Are we supposed to now approach all people in paying compliments as if the default personality type is obsessive/compulsive?
In other words that if we pay a compliment to someone, there's a better than average chance it will trigger or encourage an obsessive response to that specific aspect of their appearance?
Why would this be so? Do you think it's because physical appearance has come so much to the fore in our society that that's all that younger people ever think about?
If so, instead of stopping the paying of compliments, maybe we should change other aspects of our society - for instance, the overwhelming media presence in the lives of young people today.
I can tell you it's changed since I was a young adult.
I am a very fair-skinned person. I almost never tan. I was embarrassed at the beginning of every summer to put on shorts or a bathing suit because I felt so white.
But my attitude toward it was 'hey, them's the breaks'
I would have loved to have had my older sister or brother's skin - they both tanned beautifully- but I didn't. What are you gonna do? You were thankful for the things you like about yourself and you do the best you can with the things you don't.
I never felt the need to go lie on a tanning bed or get my skin permanently pigmented or whatever.
I mean, with this sort of reasoning, should we not say to someone who gets contacts, 'Oh, you can really see how beautiful your eyes are now,' because someone else in the room is wearing glasses?
I wear glasses myself, and I would be nothing but happy for the person who could wear contacts and felt happier about their appearance.
Would a young person today who wears glasses develop lower self-esteem because someone else could wear contacts?
There's something really wrong there that cutting out compliments is not going to help.
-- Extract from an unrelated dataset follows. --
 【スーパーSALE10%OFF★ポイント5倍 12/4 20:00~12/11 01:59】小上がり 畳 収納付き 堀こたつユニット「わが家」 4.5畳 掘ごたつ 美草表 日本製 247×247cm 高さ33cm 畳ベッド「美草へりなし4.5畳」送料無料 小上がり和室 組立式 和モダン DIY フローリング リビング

And if we don't encourage healthy weights and lifestyles as an ideal - and we allow people to believe that they're just fine the way they are - even if what they do to themselves is highly damaging to their health - how are we going to deal with the resulting health issues in our society?
This reminds me of the way that some communities approached sports - everyone got the trophy. No one ever lost. Everyone always had to be a winner.
That's not the real world.
In terms of different skin pigmentations: if I say someone has beautiful dark skin, it doesn't mean I don't like light skin. In the same breath as I tell someone I think they have skin like polished ebony, I might say someone else has skin like porcelain. And if I say I like red hair that doesn't mean I don't also like brown hair.
People are allowed to find more than one thing attractive.
Do people no longer understand that?
Maybe that's why all the girls I see these days seem to look alike.
Sad....
This whole thing just seems a little crazy to me.
Because I don't think telling someone they have a good figure or pretty hair or lovely skin is wrong. It's kind.